Everyone is falling apart around me, everything is crumbling. Is it my fault? Maybe I should go...not suicide, but just go away, distance myself, stop causing trouble, I can't be helping with the breakdowns, with the collapsing of everyone's integrity, I refuse to believe I have nothing to do with such strong, beautiful people dying inside, killing themselves slowly but surely. Even the "happy" ones have eating disorders and fuck knows what other problems. I really think I should just disappear, it would be better for everyone.


On another note, I failed miserably today. I had:
300mL Up & Go @ 228cal
1 large tin Pringles @ 591cal
1 packet 2 minute noodles, uncooked, no stock @ 342cal
1 packet Milk Shake toffees @ 798cal
But I exercised for 70 minutes, which burned 217cal.


Went so far over my calorie limit today, and Bliss has been riding my ass, whispering harsh truths in my ear. A very good friend is becoming bulimic and I'm powerless to stop her, especially when I'm letting myself fall so far into my own ED. Day 3 but might not be for long. Bliss told me I'd probably go off the scale if I tried to weigh myself, that Sam secretly wishes I was beautiful, that he calls me beautiful to try and make himself believe it, and that maybe I should go eat a steak because you are what you eat.

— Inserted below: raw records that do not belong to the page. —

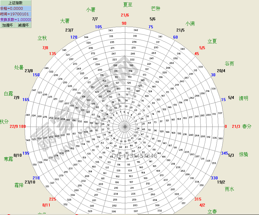 這個是江恩的研究者根據時空變化的聯動關系繪制出的時空變化統一圖,以周天圓圖360°表示時間周期概念,以百分比分法(100%)表示空間量化概念,也是金融市場中漲跌百分比規律。用這樣的方法公度年和百分比就結合成一體,金融市場的運行周期與漲跌幅度總是統一于周天公度圓之中,而每一種品種都有其獨特的波動率,如果我們能掌握這種波動率,就能明確地知道這種產品會在什么價位出現強大的支撐位或阻力位。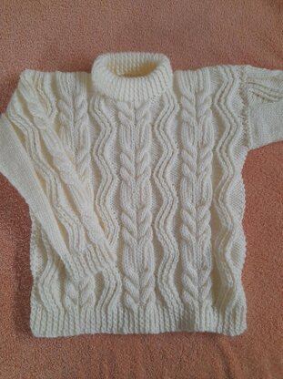 Crew neck aran jumper with ribbed edging and zig zag and cable panels, age 5-6 years, 26-28” chest, 17" length, 12" sleeve Suitable for boy or girl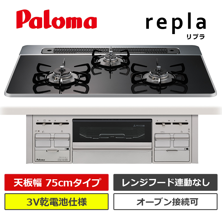 >TOP >ビルトインガスコンロ >パロマ >リプラ「repla」 >天板幅75cm >PD-509WS-75CK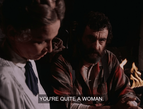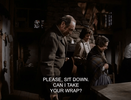 Meanwhile, at the Sanderson place, I guess, Grace Snider is putting the kids to bed whilst Mr. Edwards paces in front of the fire. He’s still wearing his funeral shirt, which seems unlikely, but I guess maybe he didn’t have time to go back to his hovel and grab his flannel.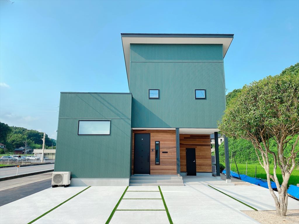 雲南市S様邸 映画鑑賞が楽しめる緑の外壁が美しい家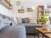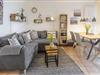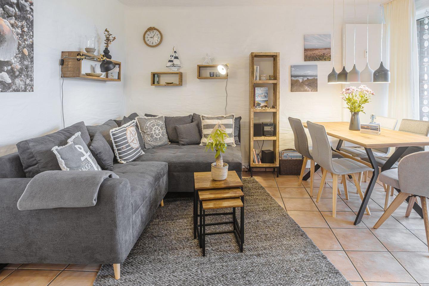 Ein komfortables Ecksofa für bis zu fünf Personen mit angenehmer Beleuchtung und Teppich lädt Dich zum gemütlichen Lesen, zu einem Glas Wein oder zum Fernsehen ein.

ugh, I'm paranoid that my friend sitting next to me will see this, she can't know how fucked up I am. I'm fine, really, but she'll freak out, she'll tell me that what Bliss said isn't true. But it is. She can't see this, nobody I know can see this. Nobody will ever see it, it will die with me.

Friday 24 February 2012

Success!

Well, I've eaten. I've had:
2 KFC Original Recipe fillets @ 200cal each
1 regular chips, seasoned @ 272cal
200mL chocolate Up & Go @ 152cal
2 regular potato and gravy pottles @ 120cal each
1 regular cup Pepsi Max @ 1cal

Bringing me to 165cal below my limit. And that's without exercise! Fuck this is a good one. Tomorrow I'll go for a 60-minute walk to grab some Easy Mac or something, I have $7 to burn!

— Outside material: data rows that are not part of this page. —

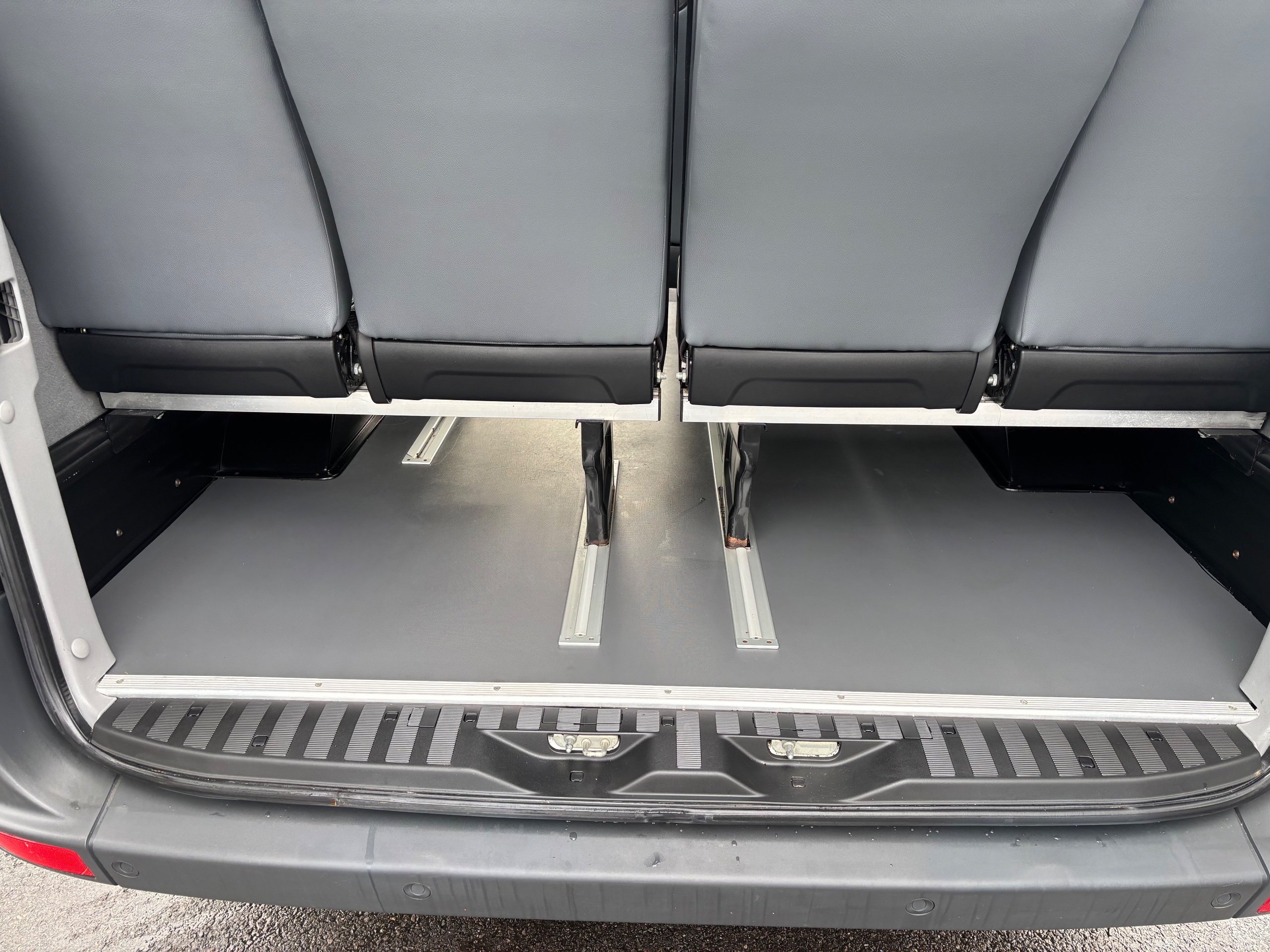 - Compartment under fold-up passenger seat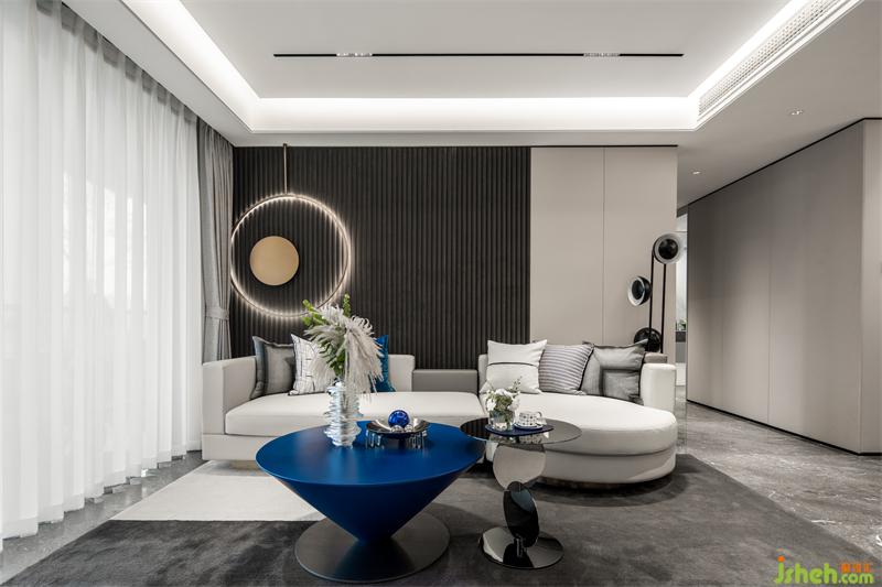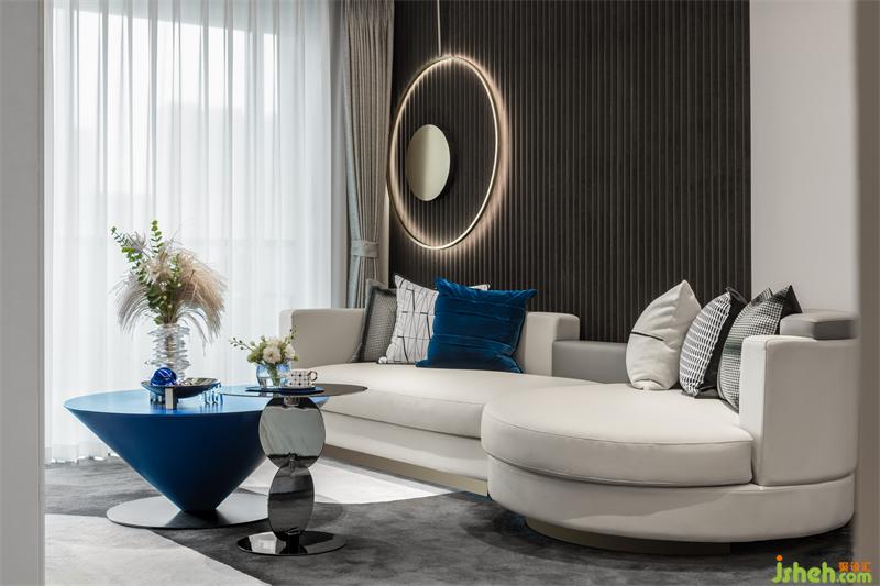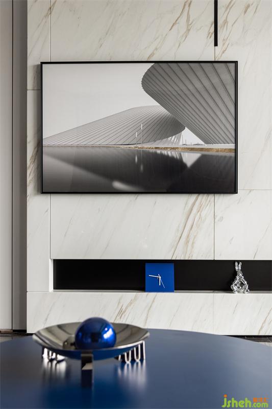 寧靜之藍,生活之味,個性的藍將客餐廳一體貫通,空間瞬間流動起來,映襯著藍色的個性茶幾,黑色簡潔的沙發(fā)背景墻也與幾何裝飾的墻飾冷暖互補,強調(diào)了空間的秩序感和節(jié)奏感。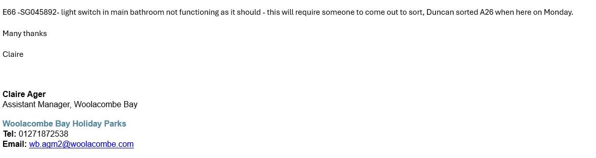 | Issue Type | Blinds (8 Weeks) [ 28 ] | Electrical Faults (2 Weeks) [ 8 ] |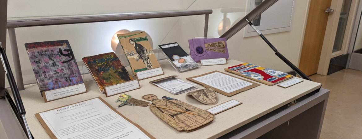 The exhibit, titled Hecho a Mano, features a collection of unique and creative books made from recycled materials such as cardboard, paper, and found objects.

I think I'm gonna start a sort of fund. A calorie jar of sorts. 10c for every 100cal I am under my limit, every day. Or maybe $1 per week I remain consistently under my limit, and when it's full, blow it.

Thursday 23 February 2012

Hungry

I might not be able to eat anything today. I've had 200mL of Up&Go, but there's no food in the house. I'm gonna try and buy some Easy Mac but if I can't then my intake for today will be 150cal. I'm considering turning it into a fast, seeing how long I can go without eating.

Today's Failings

23 February 2012
I hit my arms. Day zero.
Consumed (since midnight):

  • 1.5 medium containers of Mcdonalds fries @  570cal
  • 9 BK chicken tenders @ 428cal
  • 1 large carton of BK fries @ 540cal
  • 2 bags of Pascall Milk Shakes @ 1,597cal
  • 55 Salt and Vinegar Pringles @ 516cal
Limit:
1,230cal
Actual:
3,651cal
Excess:
2,421cal.

So it's safe to say I failed pretty fucking hard. And you know the worst part? I'm still hungry. I still want more fucking food. If I eat like this and don't exercise at all every day for the next five weeks I will have gained 8kg. 8kg in five weeks is pretty rapid, and I don't want to gain any more. I'm on antibiotics as well, so I have to eat. But fuck, once I'm off these damn antibiotics I'm cutting WAY down on the food. One meal a day and maybe some snacks. Fuck gaining weight.

First!

Here I go.
Hey, I'm Rik. I'm nineteen years old, I live in New Zealand, and I have ED-NOS. I live with my boyfriend of two years, Sam, and various others (Tessa, Renee, Ben, Sarah, and Jessey), and I have a kitten named Erebus. I am also a multiple, which I'll get into later, this blog is mostly about me and my ED.

I haven't gotten help for my ED, and at this point, I'm choosing not to. I'm trying to manage it by losing the weight I want to lose and then seeing where I go from there. But I can't even do that. I'm completely useless at being eating disordered, I constantly go over my limit.

Anything you want to know or say, go ahead and comment, I'm all ears.